You better believe you have to become a bootstrapping artist if your small business is going to survive. You have to learn to improvise, make things up as you go along, innovate, create and adapt.

One of the areas that will require the most bootstrapping is money (currency, capital, revenues, whatever you want to call it). For some small business people, raising money is as simple as getting a venture capitalist to fund their initial start up (and maybe even continue to pump money into the business as it progresses). But the trouble with venture capitalists is that they often own a big piece of the business and you can’t get rid of them. They often want to sit on the board, dictate business strategy, and otherwise tell you how to run the show. There is nothing wrong with this. It is just that for some small business people, it is not how they want to run their business. They want to call the shots.

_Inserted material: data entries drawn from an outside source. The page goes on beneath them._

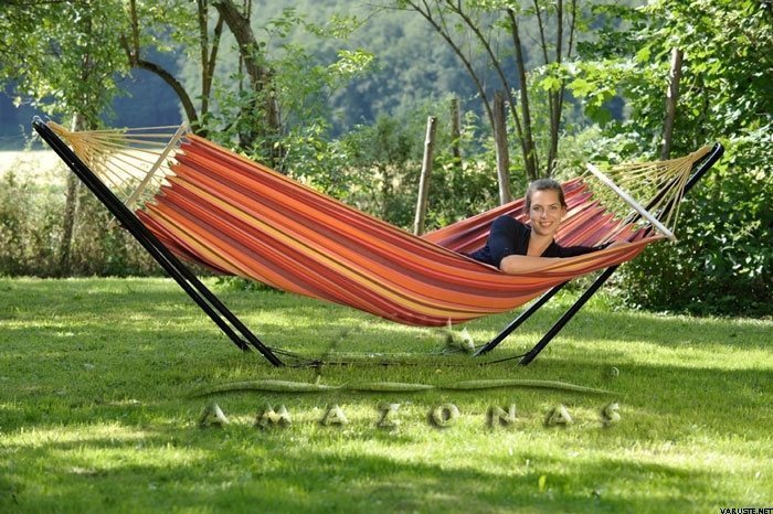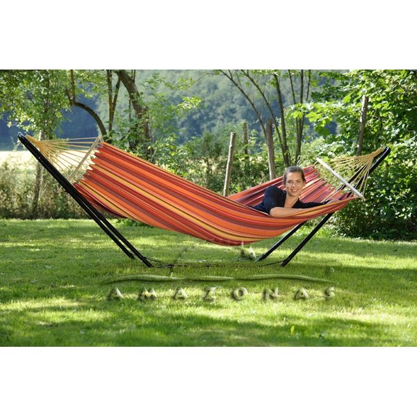 Complete set at a sensible price. Black powder-coated frame and matching hammock in the colour `Vulcano´. `Click´ fixing allows rapid erection and space saving when stored. A set for everone.
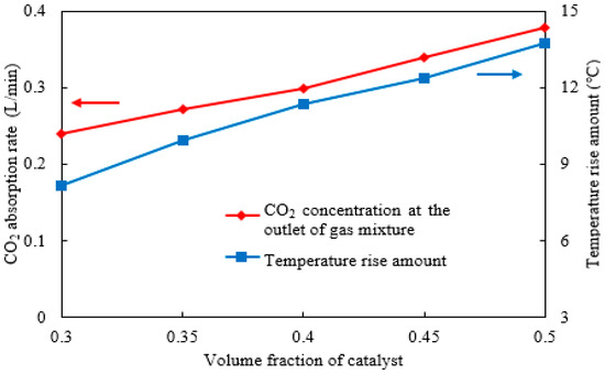 The CO2 absorption rate and absorbent rise in temperature under different volume fractions of the catalyst.
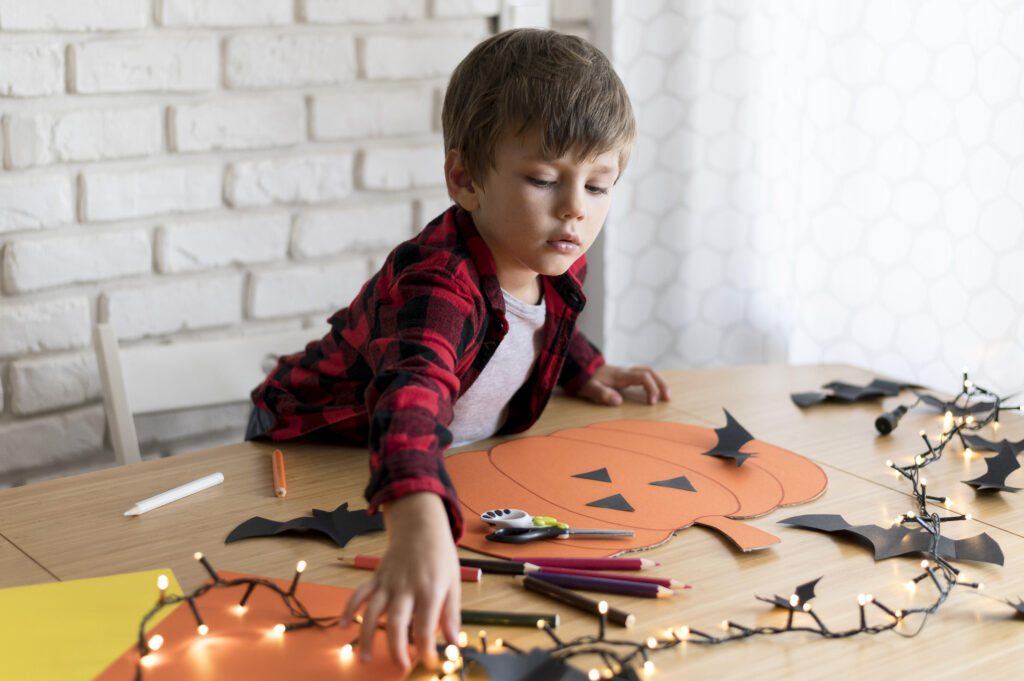 Băiat care lucrează la un dovleac decupat din carton pentru Halloween
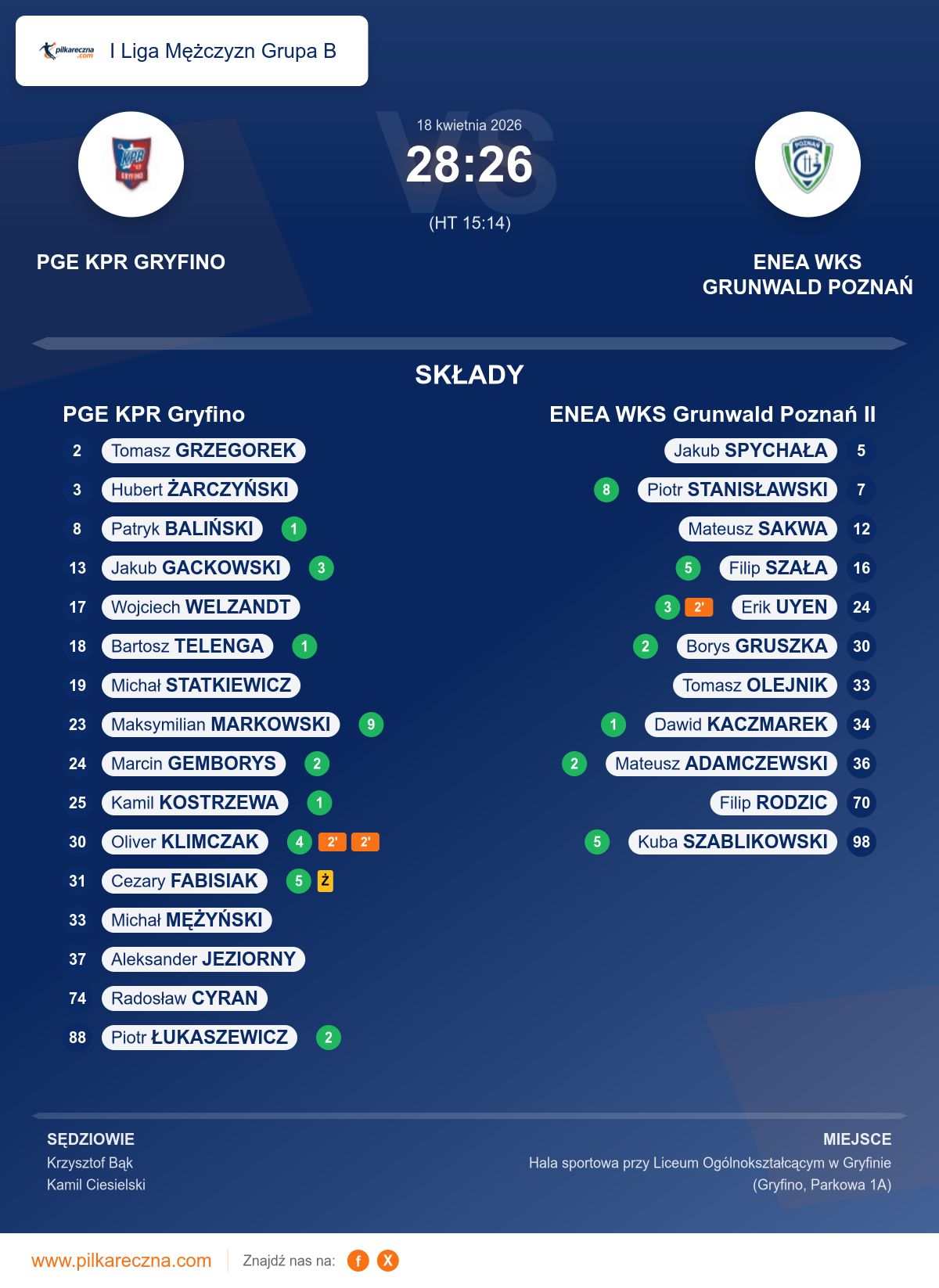 Sędziowali: Krzysztof Bąk, Kamil Ciesielski
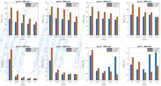 On the other hand, the THD% values referred to the current are much more comparable between ACHBMLI and CHBMLI. It can be highlighted that the advantage of applying AMLI is more evident for low-speed conditions, as lower THD% are achieved. However, for speed or load conditions close to the rated values, higher THDI% is detected, including low-order harmonics that could affect the motor performance in terms of torque ripple, leading to vibrations and disturbances. This fact can negatively impact the adoption of such a system in certain automotive applications.

Calling the shots, therefore, will mean bootstrapping. How can you raise money without a venture capitalist? Strong marketing, more sales, higher revenues? Tapping personal assets like retirement accounts and real estate? Leveraging? Selling the family jewelry? Getting a loan from the SBA (Small Business Association)? Operating in the red till it turns green? Whatever the plan, it’s called bootstrapping. Small businesses will have to do at least some of this, if not a lot, given the situation right now in the economy and with the banks.

Do you know that many entrepreneurs consider themselves bootstrappers? Look at Google. Sergey Brin and Larry Page did not use venture capitalists to fund Google. They bootstrapped. They economized, used equipment they already owned, tapped their credit cards for funds. They did not go to venture captitalists. Now look at them?

Other entrepreneurs bootstrapped by offering equity stakes in the company in lieu of having to come up with cash for products and services they needed in the start up phase of the business. But sometimes, when you are starting with "nothing," you don't have a choice. You either get a venture capitalist, or you find ways to bootrap.

The great thing about today's reality, is that you can start a business from any Starbucks. You don't need a fixed office for most types of businesses, so you can save a ton of money right there on overhead costs (one of the biggest expenses for startups). If you have a laptop and a cell phone, that is literally all you need. You can literally be sitting in the sculpture wing of the Metropolitan Museum of Art while communicating with customers in Tel Aviv or Mumbai. That is bootstrapping right there at it's most glorious.